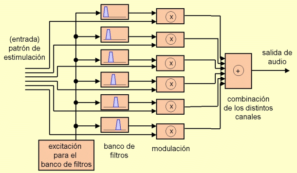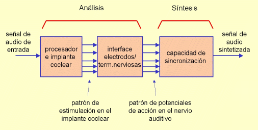 A partir del patrón de actividad en los electrodos, y de acuerdo con el modelo de interacción electrodos/terminaciones nerviosas, se determina el patrón de actividad neural para los grupos de terminaciones asociados a cada porción coclear. Finalmente, partiendo de este patrón de actividad neural se sintetiza la señal de audio teniendo en cuenta la capacidad de sincronización de la actividad neuronal y las frecuencias características de las porciones cocleares estimuladas.
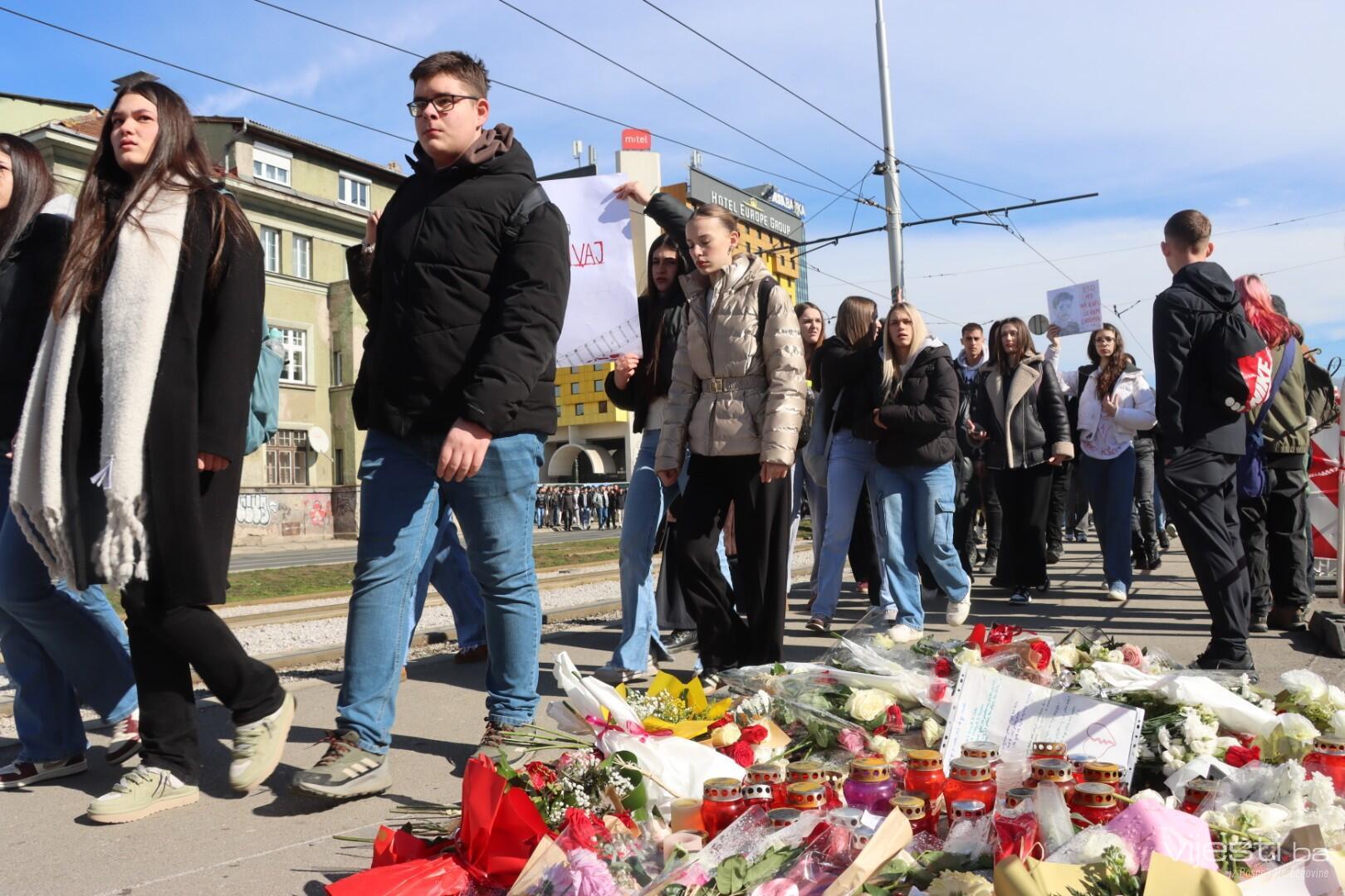Među njima su se mogle vidjeti poruke: „Ne ubija tramvaj, već nemar“, „Borimo se za minimum, pravdu i sigurnost“, „Hoćemo odgovornost, ne tišinu“, „Šutnja je saučesništvo“ i „Majke ne bi smjele učiti kako se pali svijeća za svoje dijete“.
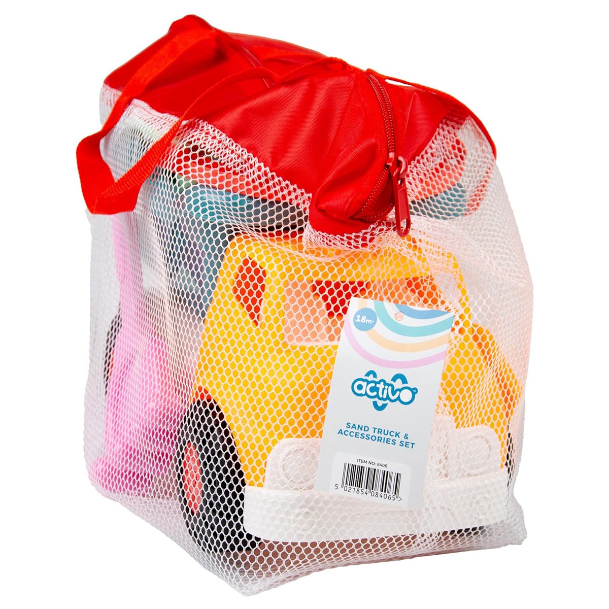 Activo Sand Truck & Accessories Set – 11-Piece Beach Toy Collection with Sea Creature Molds, Pickup Truck, Bucket, Spade, Rake & Water Jug for Creative Outdoor Play, Ideal for Toddlers 18+ Months
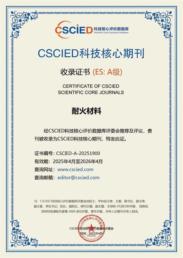 近日,CSCIED 科技核心评价数据库发布年度科技期刊 ES 评分(Evaluation Star)榜单,由中钢洛耐院主管、主办的《耐火材料》凭借卓越的学术质量与突出的行业贡献,以 9.02 的 ES 评分(A 级)成功入选 “CSCIED 科技核心期刊”。这一成果不仅是期刊学术实力的有力证明,更为中钢洛耐的品牌建设注入强大动能,进一步提升了中钢洛耐在耐火材料领域的权威性与国际影响力。

§ TASK: What is needed is an exact repetition of every line from the line with "Među njima su" to the end of the data above, both ends included, with no pictures.

§ TASK RESULT:
Među njima su se mogle vidjeti poruke: „Ne ubija tramvaj, već nemar“, „Borimo se za minimum, pravdu i sigurnost“, „Hoćemo odgovornost, ne tišinu“, „Šutnja je saučesništvo“ i „Majke ne bi smjele učiti kako se pali svijeća za svoje dijete“.
 Activo Sand Truck & Accessories Set – 11-Piece Beach Toy Collection with Sea Creature Molds, Pickup Truck, Bucket, Spade, Rake & Water Jug for Creative Outdoor Play, Ideal for Toddlers 18+ Months
 近日,CSCIED 科技核心评价数据库发布年度科技期刊 ES 评分(Evaluation Star)榜单,由中钢洛耐院主管、主办的《耐火材料》凭借卓越的学术质量与突出的行业贡献,以 9.02 的 ES 评分(A 级)成功入选 “CSCIED 科技核心期刊”。这一成果不仅是期刊学术实力的有力证明,更为中钢洛耐的品牌建设注入强大动能,进一步提升了中钢洛耐在耐火材料领域的权威性与国际影响力。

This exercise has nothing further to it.